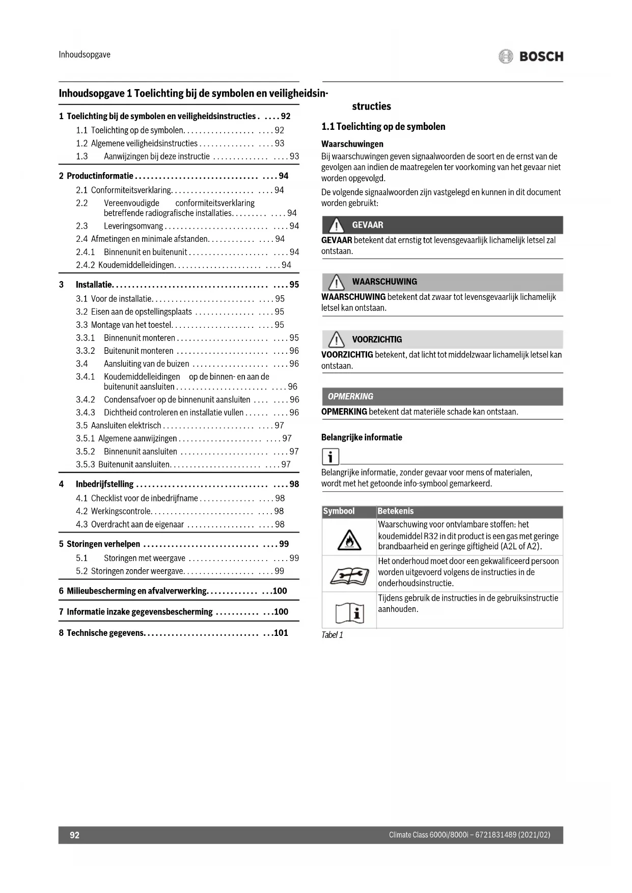 6 Milieubescherming en afvalverwerking. . . . . . . . . . . . . . . .100 7 Informatie inzake gegevensbescherming . . . . . . . . . . . . . .100 8 Technische gegevens. . . . . . . . . . . . . . . . . . . . . . . . . . . . . . . .101 Symbool Betekenis Waarschuwing voor ontvlambare stoffen: het koudemiddel R32 in dit product is een gas met geringe brandbaarheid en geringe giftigheid (A2L of A2). Het onderhoud moet door een gekwalificeerd persoon worden uitgevoerd volgens de instructies in de onderhoudsinstructie. Tijdens gebruik de instructies in de gebruiksinstructie aanhouden. OBJ_DCL-6721831489-001.fm Page 92 Wednesday, April 21, 2021 2:52 PMToelichting bij de symbolen en veiligheidsinstructies
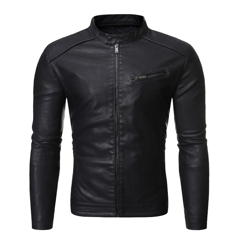 Men Leather Jacket Casual Solid Color fashion Slim Fit Spring
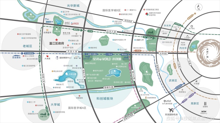 【政务与产业链接区,自带瞩目光环】星河板块位于温江南部集中发展区,东邻行政核芯区,西连产业集群,周边配套丰富且优质。近邻文体公园及全国首个一站式全能体育综合体金强赛事中心。目前,光华新城发展日益饱和,城西顺趋势向南拓展,星河新城作为城市核心区的大规模开发用地,地段价值不彰自显,未来中芯应运而生。
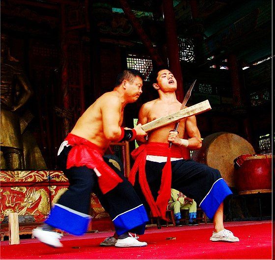 大庸氣功 大庸氣,堪稱武林奇葩,曾為祖國贏得聲譽,海內(nèi)外享有極主名望。 大庸氣功是大庸各民族特別是土家族傳統(tǒng)體育項 目之了,分健體氣派、武術(shù)氣功兩類。前者有“返還 功”、“馬王推氣功”、“少林達摩醫(yī)療保健氣功” 等;后者有靜坐、壁虎、靈子、二指彈、碎石、松靜 、硬氣、五禽、五陽功等,尤以硬氣功著稱。大庸硬 氣功,歷史悠久,漢代相單程,明代覃后,清代劉明 燈,當(dāng)代湯子模、周鐵鞭、杜心武、趙繼書等都具有 超人硬氣武功。大庸土著民族在漫長的反征服、反壓 迫斗爭,博采武當(dāng)、少林南北派、昆侖派眾家武林精 華,創(chuàng)造出獨此一家的大庸硬氣功。 據(jù)傳,大庸硬氣功鼻祖是楚國鬼谷子?!?a class="insidelink" href="http://www.powuer.com/cityinfo/15580531721.html" title="永定區(qū)">永定縣 志》有關(guān)鬼谷子隱居天門山鬼谷洞潛心學(xué)《易》、傳 授方術(shù)的記載。到清代有武林高手朱茂嶺,隱居三岔 村北芭蕉灣洞,研究鬼谷氣功之術(shù),后收西溪坪胡口 子、余世萬(即“余通人”)為徙,傳其衣缽。余通 人將武術(shù)氣功系統(tǒng)整理,發(fā)揚光大,播名于世。 新中國成立后,黨和政府十分重視民間氣功發(fā)掘 整理,并正式列為體育項目加以普及發(fā)展,今日大庸 市習(xí)練硬氣功達數(shù)萬人眾。永定區(qū)官黎坪村世有“硬 氣功之鄉(xiāng)”盛譽,該村男女老幼,練功已蔚成風(fēng)氣, 其武師趙繼書,1979年先后參加全省和全國武術(shù)大賽 ,均獲一等獎,受到國家體委重視,同年7 月趙繼書 專程到北京給中央領(lǐng)導(dǎo)同志匯報表演。嗣后,隨同中 國武術(shù)代表團和國家領(lǐng)導(dǎo)人先后兩次出國,到盧森堡 、意大利、比利時、羅馬尼亞、馬其他和東南亞等國 家訪問。他表演的臥刀碎石、頭頂開石、雙鳳灌耳、 頭碰石柱、叉尖推磨等精彩節(jié)目,博得外國友人好評 。盧森堡一位榮獲國家獎牌的武士,看了表演后連夜 來到中國大使館,將自己珍藏多年的獎牌贈送給他; 盧森堡國王主動熱情走上臺與趙繼書熱情擁抱,連連 稱贊:“了不起!了不起!國際氣功大師!”并把珍 藏紀(jì)念章一枚贈送給趙繼書。一位法國朋友十分贊賞 說:“中國的氣功,稱為全人類的寶貴財富,是有科 學(xué)道理的。”自此,大庸硬氣功譽滿全球。湖南瀟湘 電影制片廠專門拍攝了彩色紀(jì)錄片《大庸氣功》。 大庸硬氣功共有二十多個項目,最有影響的是: 腹臥鋼叉 由二人在地面扶住一根叉尖朝上的三 股鋼叉,叉尖猁鋒利,然后一個俯身叉尖,尖抵腹部 ,待其四肢平展懸空,扶叉二人轉(zhuǎn)動鋼叉,謂之推磨 。表演時,要求臥叉者運氣于腹,氣意集中,稍有大 意,叉即穿腹而過。 臥刀破石 先固定兩把大刀,刀口朝上,臥刀者 運氣后,由其他人抬臥于刀口上(有仰臥、俯臥兩種) ,然后在臥刀者腹部或背部置一碩大石條(約數(shù)百斤) ,一人或兩人輪大鐵錘狠擊石條直至斷裂破碎為止。 釘?shù)洞财剖?地上倒一層碎玻璃片,一人仰臥其 上;然后腹上置釘床,又一人仰臥釘床上,再于第二 人腹上置釘床,第三人仰臥刀床上,腹部上壓一塊數(shù) 百斤大條石,由人掄錘狠砸,至石破為止。 銀槍刺喉 用一根兩頭安有鋒利槍頭的鋼槍,抵 置兩位表演者喉部,然后相對發(fā)力,至槍桿抵成彎弓 形而喉部安然無恙。 徙手?jǐn)嗍?表演者將堅滑如鐵一塊卵石置于石凳 (地)上,然后運氣于掌或指擊斷(碎)卵石。 踢腿斬石 表演者運氣于腿,以腿踢斷石條。一 般可踢斷15公分以上厚度的麻石條或青石條。 胸部打刀 將鋒利大刀刃口置于胸部肌肉上,用 一根拳頭粗木棒猛擊刀背,至棒斷而胸部無傷。 新中國成立以來,大庸民間武術(shù)與民族體育逐漸 融為一體,發(fā)揮著提高人民身體素質(zhì)、弘揚中華武術(shù) 傳統(tǒng)和增進國際友誼重大作用。除硬氣功外,還有數(shù) 十種武術(shù)形式散見于民間武術(shù)體育活動之中。如打飛 棒、扭扁擔(dān)、抵搭斗杠、擠油渣、甩抱腰、舉石鎖、 板牛角(一種斗牛形式)等等。其特點是因地制宜, 不分場地,凡田園地角院壩集鎮(zhèn),都是習(xí)武練功、開 展活動的處所,頗具泥土氣息。擬或以生活中某些動 作和動物的某種形態(tài),稍加模仿演繹,便成某一獨特 武術(shù)形式。如天門武術(shù)功夫大師余道人所創(chuàng)造的“宮 天梳”、“巖燕樸天門”等;也有就地理特點創(chuàng)造某 種武功形式的,如“蕩藤”等。 以上部分圖片均來自互聯(lián)網(wǎng),出處不詳,請作者與本站聯(lián)系。 |

★ ★ ★ ★ ★ ★ ★

▶ **About this task**: Return each line from the material above exactly, but not the pictures.

▶ **Written solution**:
 6 Milieubescherming en afvalverwerking. . . . . . . . . . . . . . . .100 7 Informatie inzake gegevensbescherming . . . . . . . . . . . . . .100 8 Technische gegevens. . . . . . . . . . . . . . . . . . . . . . . . . . . . . . . .101 Symbool Betekenis Waarschuwing voor ontvlambare stoffen: het koudemiddel R32 in dit product is een gas met geringe brandbaarheid en geringe giftigheid (A2L of A2). Het onderhoud moet door een gekwalificeerd persoon worden uitgevoerd volgens de instructies in de onderhoudsinstructie. Tijdens gebruik de instructies in de gebruiksinstructie aanhouden. OBJ_DCL-6721831489-001.fm Page 92 Wednesday, April 21, 2021 2:52 PMToelichting bij de symbolen en veiligheidsinstructies
 Men Leather Jacket Casual Solid Color fashion Slim Fit Spring
 【政务与产业链接区,自带瞩目光环】星河板块位于温江南部集中发展区,东邻行政核芯区,西连产业集群,周边配套丰富且优质。近邻文体公园及全国首个一站式全能体育综合体金强赛事中心。目前,光华新城发展日益饱和,城西顺趋势向南拓展,星河新城作为城市核心区的大规模开发用地,地段价值不彰自显,未来中芯应运而生。
 大庸氣功 大庸氣,堪稱武林奇葩,曾為祖國贏得聲譽,海內(nèi)外享有極主名望。 大庸氣功是大庸各民族特別是土家族傳統(tǒng)體育項 目之了,分健體氣派、武術(shù)氣功兩類。前者有“返還 功”、“馬王推氣功”、“少林達摩醫(yī)療保健氣功” 等;后者有靜坐、壁虎、靈子、二指彈、碎石、松靜 、硬氣、五禽、五陽功等,尤以硬氣功著稱。大庸硬 氣功,歷史悠久,漢代相單程,明代覃后,清代劉明 燈,當(dāng)代湯子模、周鐵鞭、杜心武、趙繼書等都具有 超人硬氣武功。大庸土著民族在漫長的反征服、反壓 迫斗爭,博采武當(dāng)、少林南北派、昆侖派眾家武林精 華,創(chuàng)造出獨此一家的大庸硬氣功。 據(jù)傳,大庸硬氣功鼻祖是楚國鬼谷子?!?a class="insidelink" href="http://www.powuer.com/cityinfo/15580531721.html" title="永定區(qū)">永定縣 志》有關(guān)鬼谷子隱居天門山鬼谷洞潛心學(xué)《易》、傳 授方術(shù)的記載。到清代有武林高手朱茂嶺,隱居三岔 村北芭蕉灣洞,研究鬼谷氣功之術(shù),后收西溪坪胡口 子、余世萬(即“余通人”)為徙,傳其衣缽。余通 人將武術(shù)氣功系統(tǒng)整理,發(fā)揚光大,播名于世。 新中國成立后,黨和政府十分重視民間氣功發(fā)掘 整理,并正式列為體育項目加以普及發(fā)展,今日大庸 市習(xí)練硬氣功達數(shù)萬人眾。永定區(qū)官黎坪村世有“硬 氣功之鄉(xiāng)”盛譽,該村男女老幼,練功已蔚成風(fēng)氣, 其武師趙繼書,1979年先后參加全省和全國武術(shù)大賽 ,均獲一等獎,受到國家體委重視,同年7 月趙繼書 專程到北京給中央領(lǐng)導(dǎo)同志匯報表演。嗣后,隨同中 國武術(shù)代表團和國家領(lǐng)導(dǎo)人先后兩次出國,到盧森堡 、意大利、比利時、羅馬尼亞、馬其他和東南亞等國 家訪問。他表演的臥刀碎石、頭頂開石、雙鳳灌耳、 頭碰石柱、叉尖推磨等精彩節(jié)目,博得外國友人好評 。盧森堡一位榮獲國家獎牌的武士,看了表演后連夜 來到中國大使館,將自己珍藏多年的獎牌贈送給他; 盧森堡國王主動熱情走上臺與趙繼書熱情擁抱,連連 稱贊:“了不起!了不起!國際氣功大師!”并把珍 藏紀(jì)念章一枚贈送給趙繼書。一位法國朋友十分贊賞 說:“中國的氣功,稱為全人類的寶貴財富,是有科 學(xué)道理的。”自此,大庸硬氣功譽滿全球。湖南瀟湘 電影制片廠專門拍攝了彩色紀(jì)錄片《大庸氣功》。 大庸硬氣功共有二十多個項目,最有影響的是: 腹臥鋼叉 由二人在地面扶住一根叉尖朝上的三 股鋼叉,叉尖猁鋒利,然后一個俯身叉尖,尖抵腹部 ,待其四肢平展懸空,扶叉二人轉(zhuǎn)動鋼叉,謂之推磨 。表演時,要求臥叉者運氣于腹,氣意集中,稍有大 意,叉即穿腹而過。 臥刀破石 先固定兩把大刀,刀口朝上,臥刀者 運氣后,由其他人抬臥于刀口上(有仰臥、俯臥兩種) ,然后在臥刀者腹部或背部置一碩大石條(約數(shù)百斤) ,一人或兩人輪大鐵錘狠擊石條直至斷裂破碎為止。 釘?shù)洞财剖?地上倒一層碎玻璃片,一人仰臥其 上;然后腹上置釘床,又一人仰臥釘床上,再于第二 人腹上置釘床,第三人仰臥刀床上,腹部上壓一塊數(shù) 百斤大條石,由人掄錘狠砸,至石破為止。 銀槍刺喉 用一根兩頭安有鋒利槍頭的鋼槍,抵 置兩位表演者喉部,然后相對發(fā)力,至槍桿抵成彎弓 形而喉部安然無恙。 徙手?jǐn)嗍?表演者將堅滑如鐵一塊卵石置于石凳 (地)上,然后運氣于掌或指擊斷(碎)卵石。 踢腿斬石 表演者運氣于腿,以腿踢斷石條。一 般可踢斷15公分以上厚度的麻石條或青石條。 胸部打刀 將鋒利大刀刃口置于胸部肌肉上,用 一根拳頭粗木棒猛擊刀背,至棒斷而胸部無傷。 新中國成立以來,大庸民間武術(shù)與民族體育逐漸 融為一體,發(fā)揮著提高人民身體素質(zhì)、弘揚中華武術(shù) 傳統(tǒng)和增進國際友誼重大作用。除硬氣功外,還有數(shù) 十種武術(shù)形式散見于民間武術(shù)體育活動之中。如打飛 棒、扭扁擔(dān)、抵搭斗杠、擠油渣、甩抱腰、舉石鎖、 板牛角(一種斗牛形式)等等。其特點是因地制宜, 不分場地,凡田園地角院壩集鎮(zhèn),都是習(xí)武練功、開 展活動的處所,頗具泥土氣息。擬或以生活中某些動 作和動物的某種形態(tài),稍加模仿演繹,便成某一獨特 武術(shù)形式。如天門武術(shù)功夫大師余道人所創(chuàng)造的“宮 天梳”、“巖燕樸天門”等;也有就地理特點創(chuàng)造某 種武功形式的,如“蕩藤”等。 以上部分圖片均來自互聯(lián)網(wǎng),出處不詳,請作者與本站聯(lián)系。 |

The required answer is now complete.